2018 18th IEEE/ACM International Symposium on Cluster, Cloud and Grid Computing (CCGRID) (2018)
Washington, DC, USA
May 1, 2018 to May 4, 2018
Applications for deep learning and big data analytics have compute and memory requirements that exceed the limits of a single GPU. However, effectively scaling out an application to multiple GPUs is challenging due to the complexities of communication between the GPUs, particularly for collective communication with irregular message sizes. In this work, we provide a performance evaluation of the Allgatherv routine on multi-GPU systems, focusing on GPU network topology and the communication library used. We present results from the OSU-micro benchmark as well as conduct a case study for sparse tensor factorization, one application that uses Allgatherv with highly irregular message sizes. We extend our existing tensor factorization tool to run on systems with different node counts and varying number of GPUs per node. We then evaluate the communication performance of our tool when using traditional MPI, CUDA-aware MVAPICH and NCCL across a suite of real-world data sets on three different systems: a 16-node cluster with one GPU per node, NVIDIA's DGX-1 with 8 GPUs and Cray's CS-Storm with 16 GPUs. Our results show that irregularity in the tensor data sets produce trends that contradict those in the OSU micro-benchmark, as well as trends that are absent from the benchmark.
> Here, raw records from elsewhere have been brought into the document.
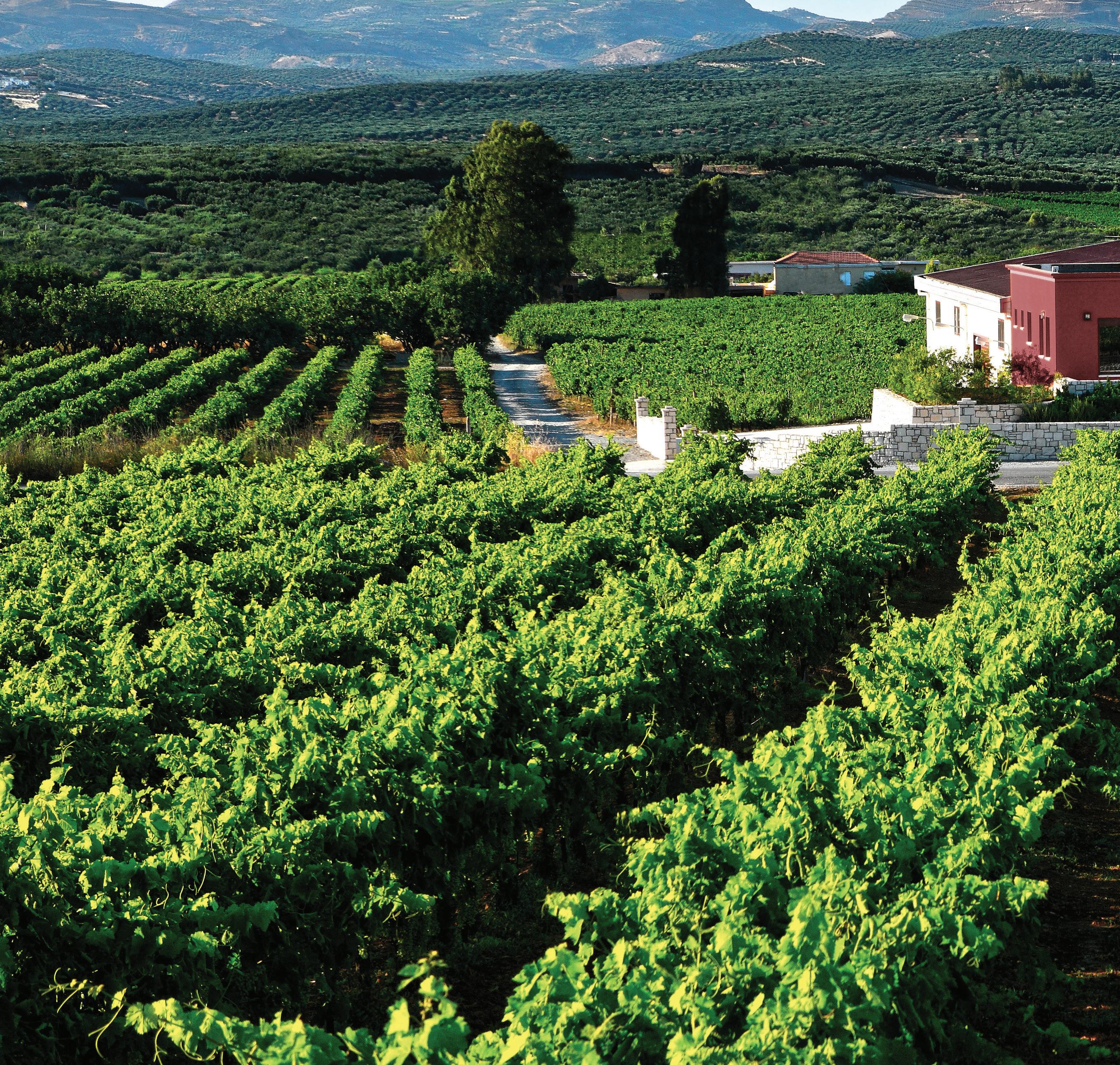 ιδιαίτερα τοπογραφικά και γεωλογικά χαρακτηριστικά του αμπελώνα προσφέρουν χαρισματικές καλλιέργειες σε μια μεγάλη γκάμα γηγενών ποικιλιών (Mοσχάτο Σπίνας, Βιδιανό, Βηλάνα, Θραψαθήρι, Ασύρτικο, Λιάτικο, Κοτσιφάλι) και διεθνών ποικιλιών (Chardonnay, Cabernet, Merlot και Syrah).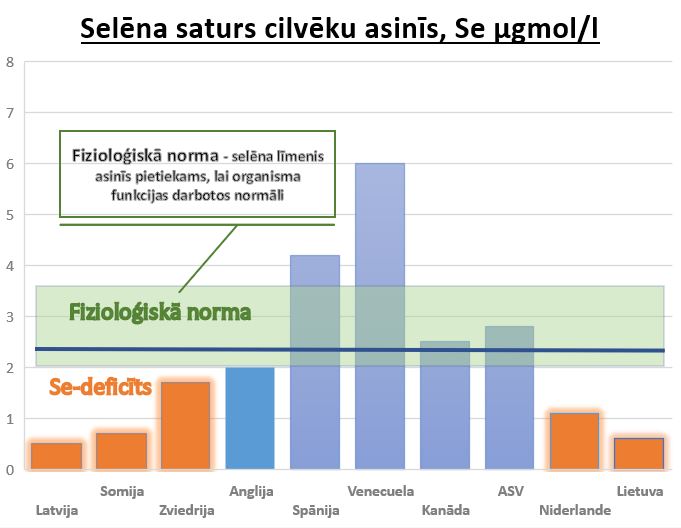 Selēna saturs Latvijas iedzīvotāju asinīs ir pazemināts un vidēji sastāda 0,6 µgmol/l, kas ir būtiski mazāk par vispārpieņemto normu. Ja selēna patēriņš un nodrošinājums ir pietiekošs un fizioloģiski normāls, selēna līmenis cilvēka asinīs sastāda 1,51 – 2,05 µgmol/l. Aprēķini parāda, ka selēna patēriņš cilvēkam Latvijā ir nepietiekošs un sastāda tikai 15 – 40 µg selēna dienā, bet fizioloģiskais pieprasījums ir 50 – 200 µg selēna dienā.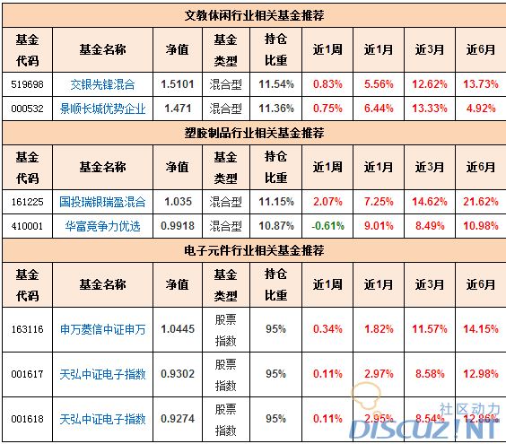 近一周,文教休闲、塑胶制品、电子元件行业上涨,涨幅分别为:0.80%、0.73%、0.18%。相关基金推荐如下: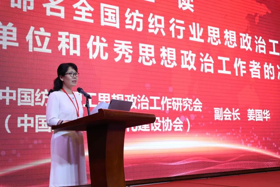 中国纺织职工思想政治工作研究会副会长姜国华宣读《关于命名全国纺织行业思想政治工作先进单位和优秀思想政治工作者的决定》。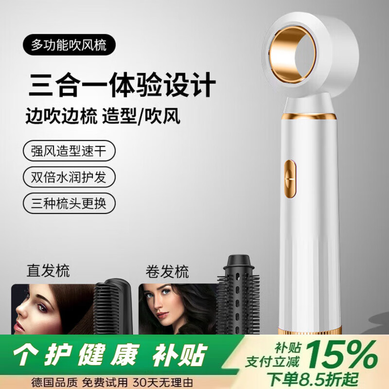 戴森德乐2025新款三合一吹风机静音热风梳懒人多功能自动卷发棒直发器吹风机不伤发吹风梳 象牙白(三合一) 强风造型速+干双倍水润护发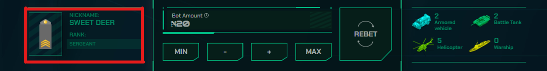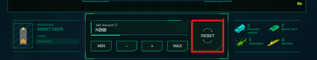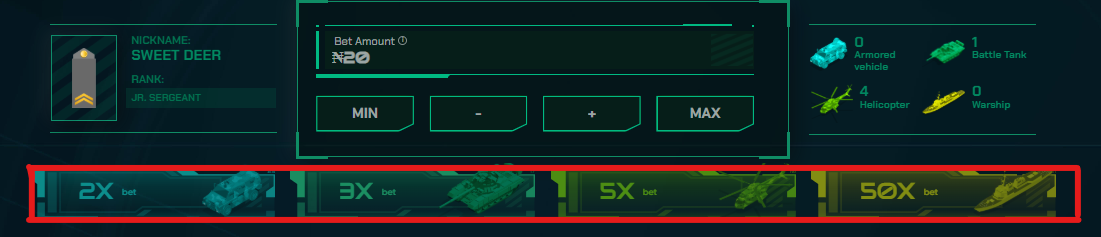 For example, you bet #20 on a tank and #30 on a helicopter, #50 , in total; the ring stops on the helicopter, so you will win x5*#30 which is #150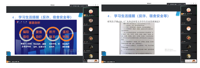 随后,王晶老师还针对校园安全等事项做出了提醒,包括谨防网络诈骗,电信诈骗,宿舍用电安全,晚归措施等,随后为大家介绍了学校心理健康中心咨询途径,并在研究生年级开设辅导员聊天室,为大家的校园安全打好预防针,提高同学们生活学习质量,为营造和谐健康的校园生活环境。

application program interfaces, Big Data, data analysis, graphics processing units, message passing, multiprocessing systems, parallel architectures, performance evaluation, tensors
T. B. Rolinger, T. A. Simon and C. D. Krieger, "An Empirical Evaluation of Allgatherv on Multi-GPU Systems," 2018 18th IEEE/ACM International Symposium on Cluster, Cloud and Grid Computing (CCGRID), Washington, DC, USA, 2018, pp. 123-132.